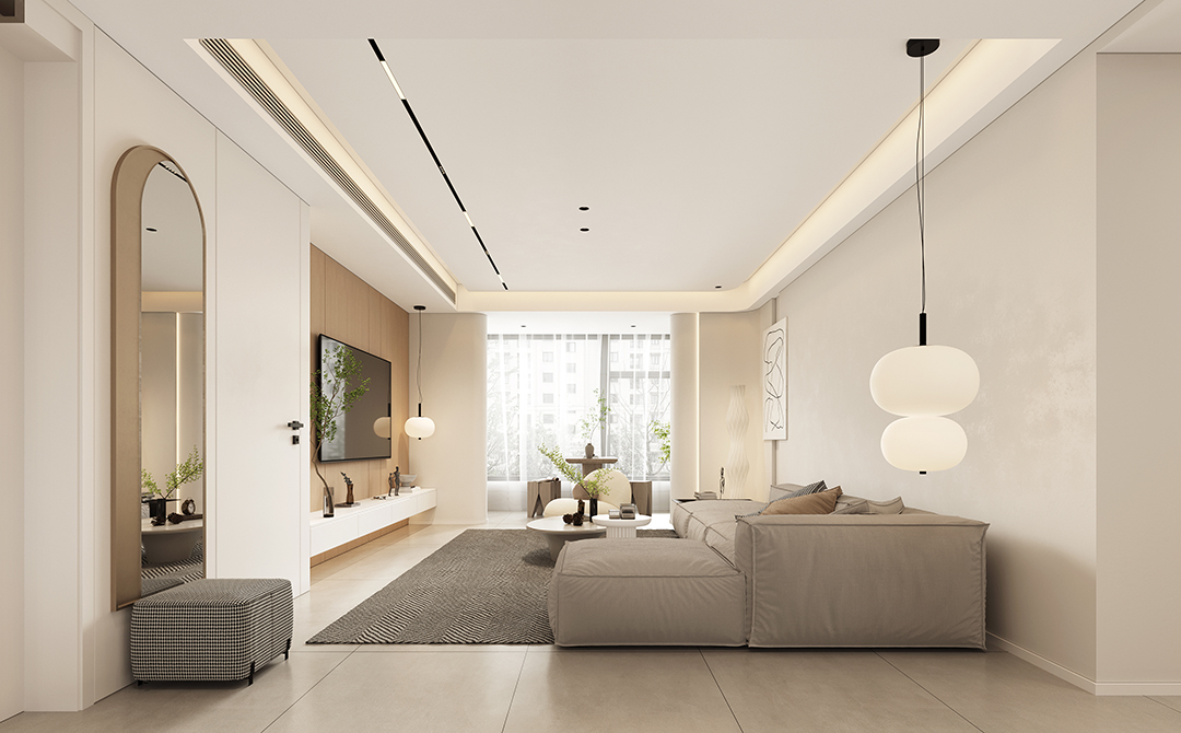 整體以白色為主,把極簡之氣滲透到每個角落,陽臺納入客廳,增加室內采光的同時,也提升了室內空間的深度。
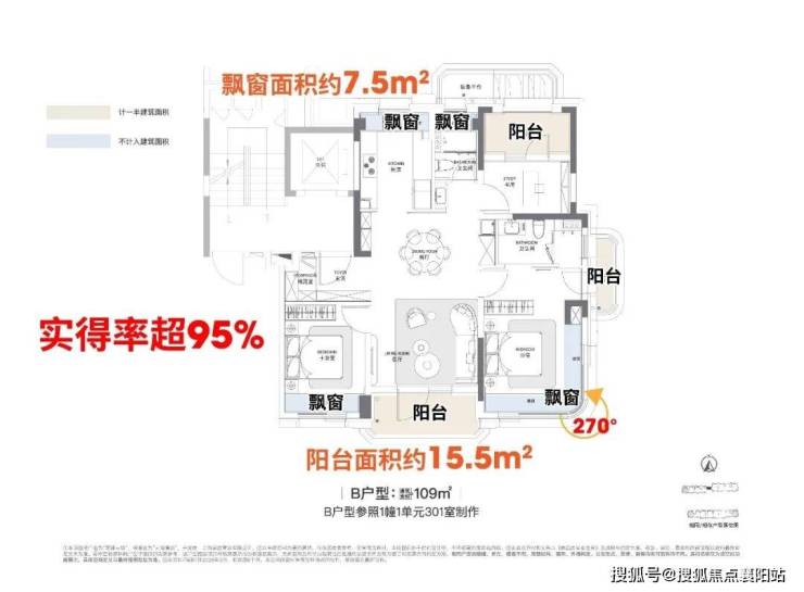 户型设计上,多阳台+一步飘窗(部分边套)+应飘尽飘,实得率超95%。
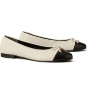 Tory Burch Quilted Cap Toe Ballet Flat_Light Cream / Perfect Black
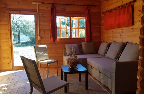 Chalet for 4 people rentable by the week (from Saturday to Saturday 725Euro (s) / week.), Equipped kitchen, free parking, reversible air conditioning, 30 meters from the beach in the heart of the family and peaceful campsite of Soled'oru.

_Work instructions_. To complete this exercise, repeat exactly the lines above from the one holding "户型设计上,多阳台+一步飘窗(部分边套)+应飘尽飘,实得率超95%。" to the end of the listing, both included, and leave the pictures out.

_Output for this exercise_.
 户型设计上,多阳台+一步飘窗(部分边套)+应飘尽飘,实得率超95%。
 Tory Burch Quilted Cap Toe Ballet Flat_Light Cream / Perfect Black
 Chalet for 4 people rentable by the week (from Saturday to Saturday 725Euro (s) / week.), Equipped kitchen, free parking, reversible air conditioning, 30 meters from the beach in the heart of the family and peaceful campsite of Soled'oru.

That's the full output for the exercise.